» **TASK OBJECTIVE**
Take the records below and set down exactly the lines from the one with "These Skechers Ultra" to the one with "Dieses Design präsentiert", ends included; do not copy the pictures.

» **PROVIDED RECORDS**
=-=-=

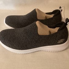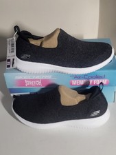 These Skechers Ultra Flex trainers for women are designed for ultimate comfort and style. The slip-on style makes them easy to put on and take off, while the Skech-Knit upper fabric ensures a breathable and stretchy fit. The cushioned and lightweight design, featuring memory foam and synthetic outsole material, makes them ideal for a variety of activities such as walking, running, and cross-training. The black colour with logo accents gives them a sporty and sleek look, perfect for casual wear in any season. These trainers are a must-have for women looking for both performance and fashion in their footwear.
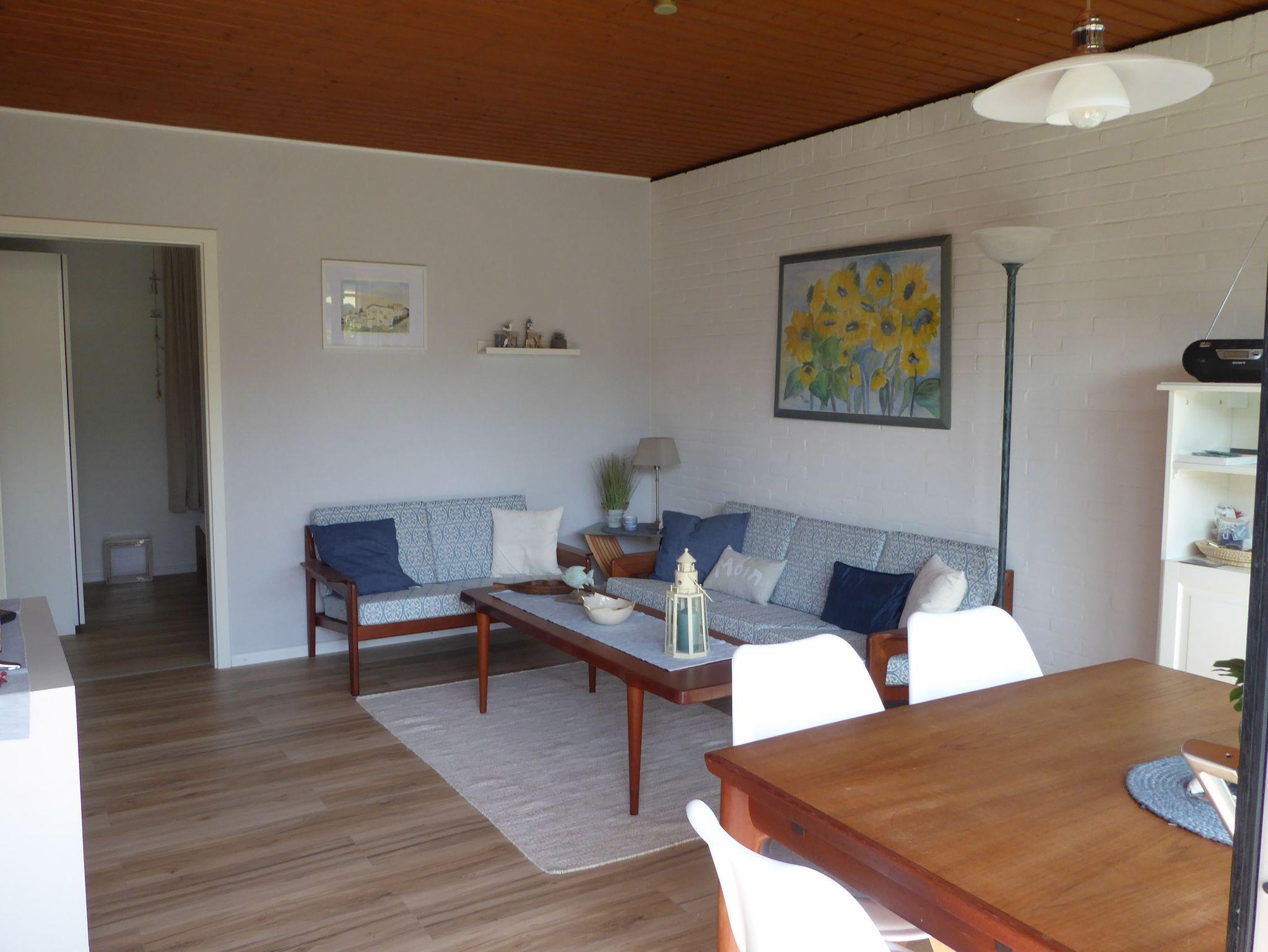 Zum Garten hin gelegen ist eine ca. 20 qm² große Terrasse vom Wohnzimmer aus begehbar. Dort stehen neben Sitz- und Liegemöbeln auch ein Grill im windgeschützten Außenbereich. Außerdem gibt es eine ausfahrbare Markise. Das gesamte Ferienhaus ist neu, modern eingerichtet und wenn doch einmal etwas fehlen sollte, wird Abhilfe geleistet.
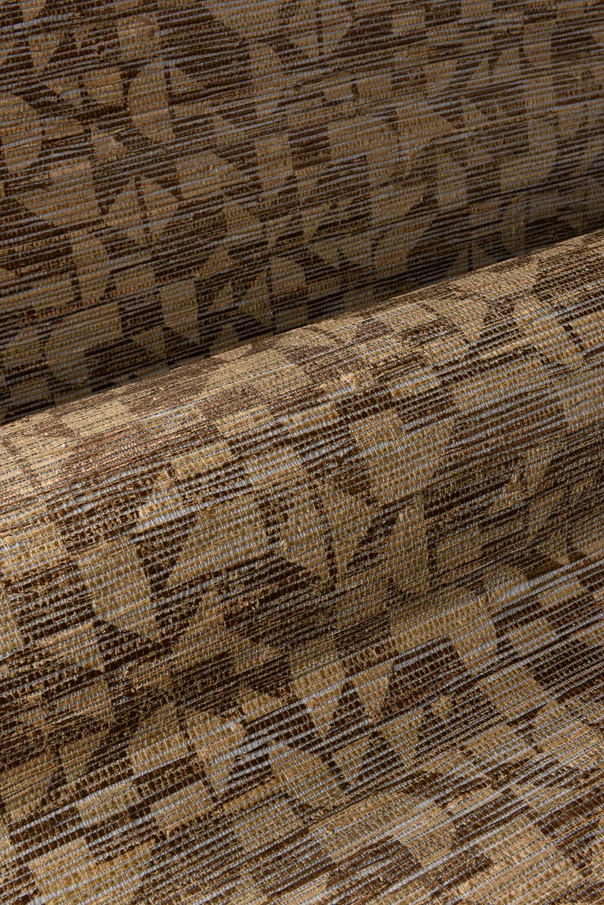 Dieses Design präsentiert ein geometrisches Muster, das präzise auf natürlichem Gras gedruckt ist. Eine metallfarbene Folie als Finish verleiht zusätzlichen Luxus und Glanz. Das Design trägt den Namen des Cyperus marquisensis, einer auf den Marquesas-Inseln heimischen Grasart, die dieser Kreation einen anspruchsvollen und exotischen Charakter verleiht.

=-=-=

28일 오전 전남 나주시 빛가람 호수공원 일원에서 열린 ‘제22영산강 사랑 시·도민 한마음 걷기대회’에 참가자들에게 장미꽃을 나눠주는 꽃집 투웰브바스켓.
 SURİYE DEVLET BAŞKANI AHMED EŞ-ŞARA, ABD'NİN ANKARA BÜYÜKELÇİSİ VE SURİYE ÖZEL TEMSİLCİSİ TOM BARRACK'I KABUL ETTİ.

=-=-=

» **YOUR SOLUTION**
 These Skechers Ultra Flex trainers for women are designed for ultimate comfort and style. The slip-on style makes them easy to put on and take off, while the Skech-Knit upper fabric ensures a breathable and stretchy fit. The cushioned and lightweight design, featuring memory foam and synthetic outsole material, makes them ideal for a variety of activities such as walking, running, and cross-training. The black colour with logo accents gives them a sporty and sleek look, perfect for casual wear in any season. These trainers are a must-have for women looking for both performance and fashion in their footwear.
 Zum Garten hin gelegen ist eine ca. 20 qm² große Terrasse vom Wohnzimmer aus begehbar. Dort stehen neben Sitz- und Liegemöbeln auch ein Grill im windgeschützten Außenbereich. Außerdem gibt es eine ausfahrbare Markise. Das gesamte Ferienhaus ist neu, modern eingerichtet und wenn doch einmal etwas fehlen sollte, wird Abhilfe geleistet.
 Dieses Design präsentiert ein geometrisches Muster, das präzise auf natürlichem Gras gedruckt ist. Eine metallfarbene Folie als Finish verleiht zusätzlichen Luxus und Glanz. Das Design trägt den Namen des Cyperus marquisensis, einer auf den Marquesas-Inseln heimischen Grasart, die dieser Kreation einen anspruchsvollen und exotischen Charakter verleiht.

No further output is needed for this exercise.